— Exercise data —
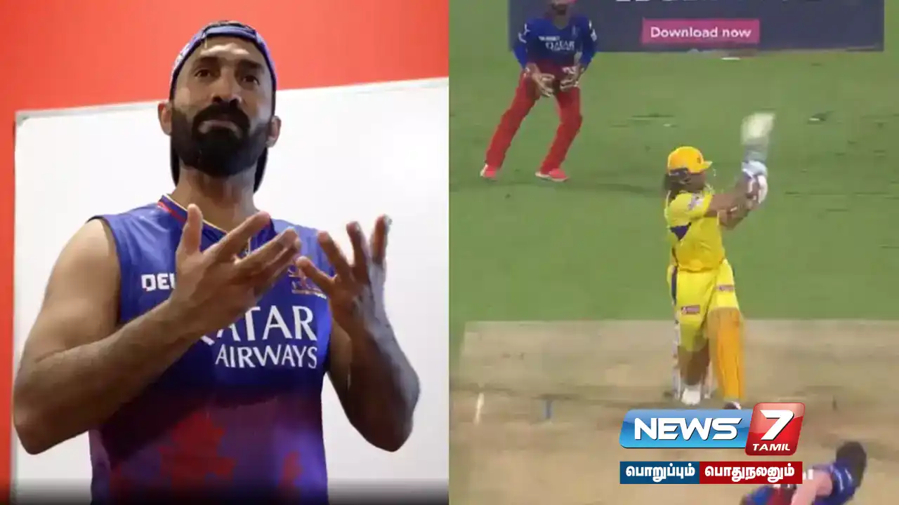 “தோனியின் 110M சிக்ஸர்தான் பெங்களூரு அணியின் வெற்றியை எளிதாக்கியது” என அந்த அணியின் வீரர் தினேஷ் கார்த்திக் தெரிவித்துள்ளார்.
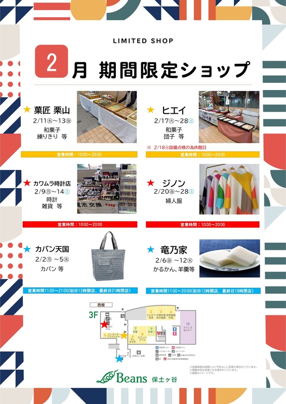 期間限定ショップ 2月 期間限定ショップのご案内 2月の期間限定ショップのご案内です 皆様のご来店を心よりお待ちしております。 参加方法・参加料金2月18日㈬は休館日となっております (館内一部営業店舗あり) tweetする Facebookでシェアする LINEで送る
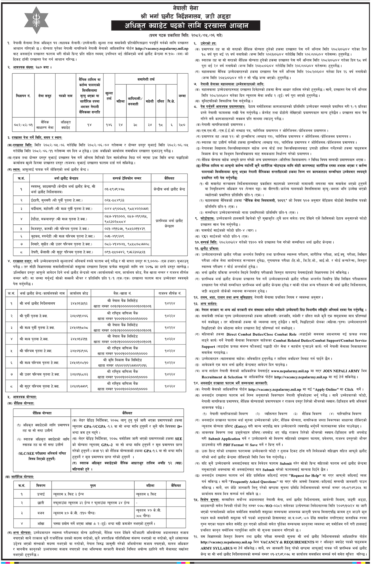 जसअनुसार खुलातर्फ १४६ जना र सैनिक तालिम वा कर्तव्य पालनाको सिलसिलामा मृत्यु भएका वा शारीरिक रुपमा अशक्त नेपाली सैनिकका सन्ततिका लागि १४ जनाको लागि कोटा छ ।
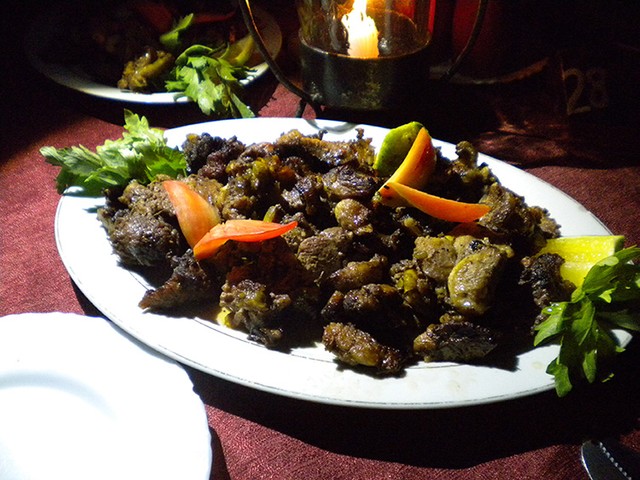 釣り上げられたナイルスッポンは15キロほどの大きさ。さらに、巨大なものがいると聞いた。足のもも肉を1本売ってもらい、レストランで調理してもらった。4人分は優にある大盛りの唐揚げになって運ばれてきた。鶏肉と牛肉を足して2で割ったような濃厚な味わい。栄養価が高そうで、赤ワインとの相性は抜群だった。
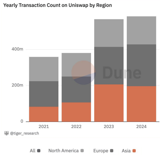 실제 듄 애널리틱스에 따르면 최근 아시아 지역의 유니스왑(UNI) 거래 수는 지속적으로 증가하며, 탈중앙화거래소(DEX・덱스) 거래에서 의미있는 성장을 보였다. 이는 아시아 사용자의 활발한 활동을 반영한 결과로 해당 지역의 가상자산 서비스 이용이 점점 활성화되고 있음을 보여준다.
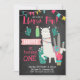 Cute girl's chalkboard llama fun birthday invitation featuring a llama, cactus, bunting flags and pink banner. This is a cute and colorful way to invite your little girls guests to her birthday party.
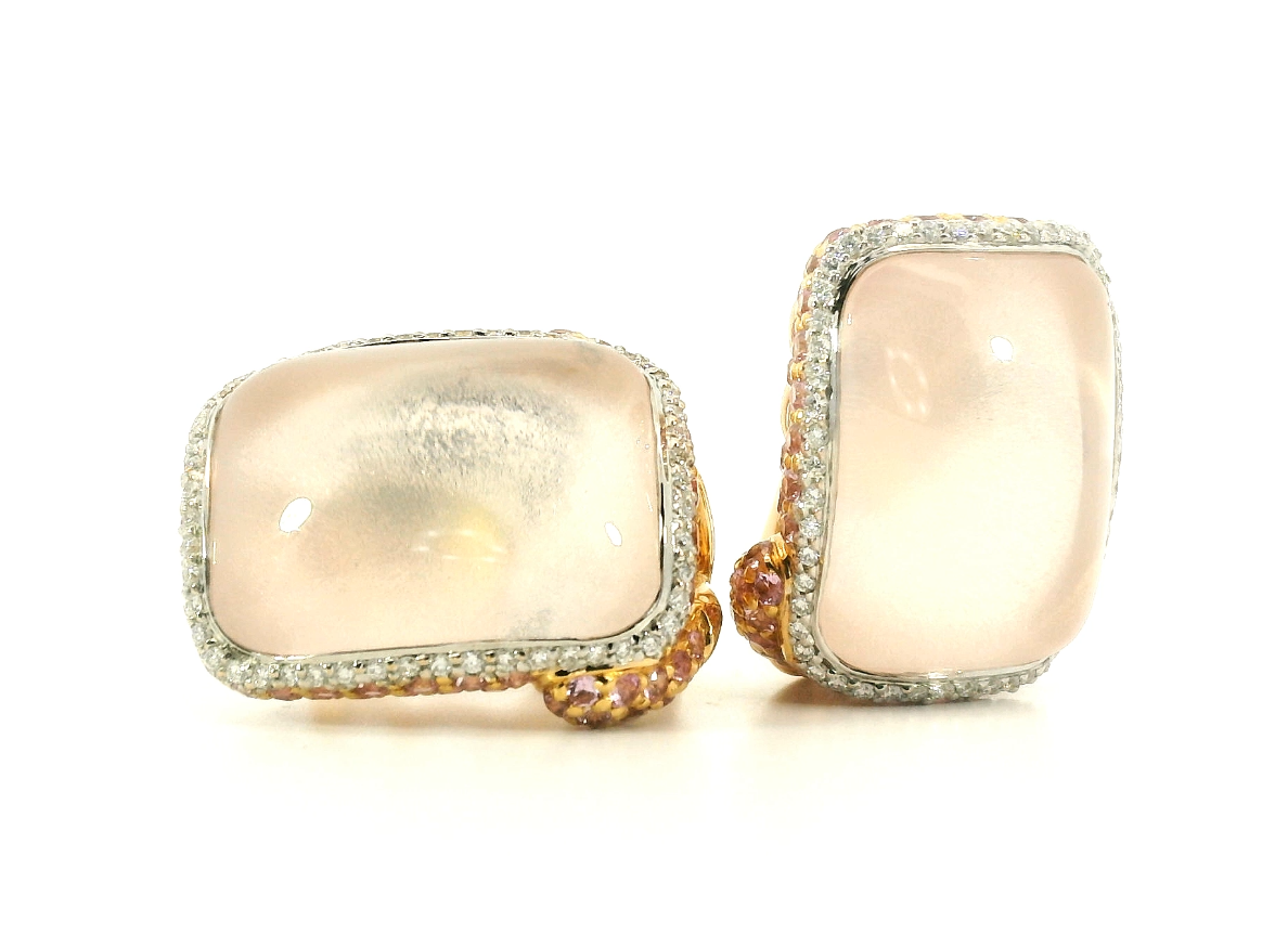 Представляем вашему вниманию оригинальные золотые серьги с розовым кварцем 39.06ct, розовыми сапфирами 4.85ct и бриллиантами 0.53ct от всемирно известного бренда Belle Bague (GIM).
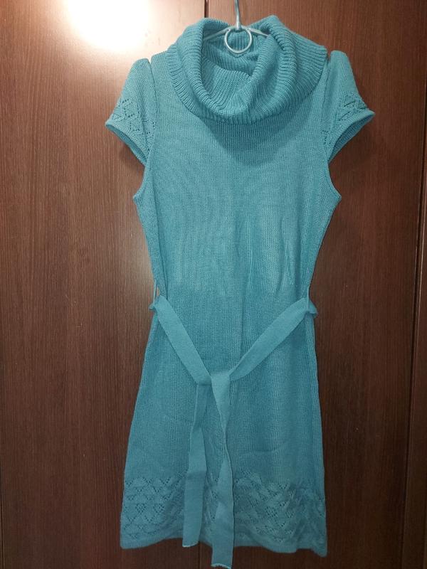 Разгружаю шкаф, платье в идеальном состоянии. Цвет бирюза, как на втором фото. Бирка с составом срезана, акрил. ПОГ 48 свободно тянется до 57 Длина от плеча 95
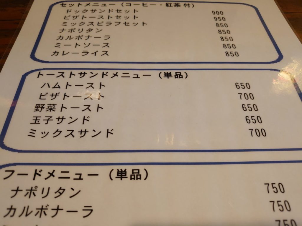 文字だけのメニュー表で想像する必要がありますが、トーストやサンドイッチ、パスタやピラフ、カレーライス等、フードメニューが充実しています。

— What is needed —
Leaving pictures out, output the lines of the data above from the one with "釣り上げられたナイルスッポン" through the one with "실제 듄 애널리틱스에", word for word.

— Output for this task —
 釣り上げられたナイルスッポンは15キロほどの大きさ。さらに、巨大なものがいると聞いた。足のもも肉を1本売ってもらい、レストランで調理してもらった。4人分は優にある大盛りの唐揚げになって運ばれてきた。鶏肉と牛肉を足して2で割ったような濃厚な味わい。栄養価が高そうで、赤ワインとの相性は抜群だった。
 실제 듄 애널리틱스에 따르면 최근 아시아 지역의 유니스왑(UNI) 거래 수는 지속적으로 증가하며, 탈중앙화거래소(DEX・덱스) 거래에서 의미있는 성장을 보였다. 이는 아시아 사용자의 활발한 활동을 반영한 결과로 해당 지역의 가상자산 서비스 이용이 점점 활성화되고 있음을 보여준다.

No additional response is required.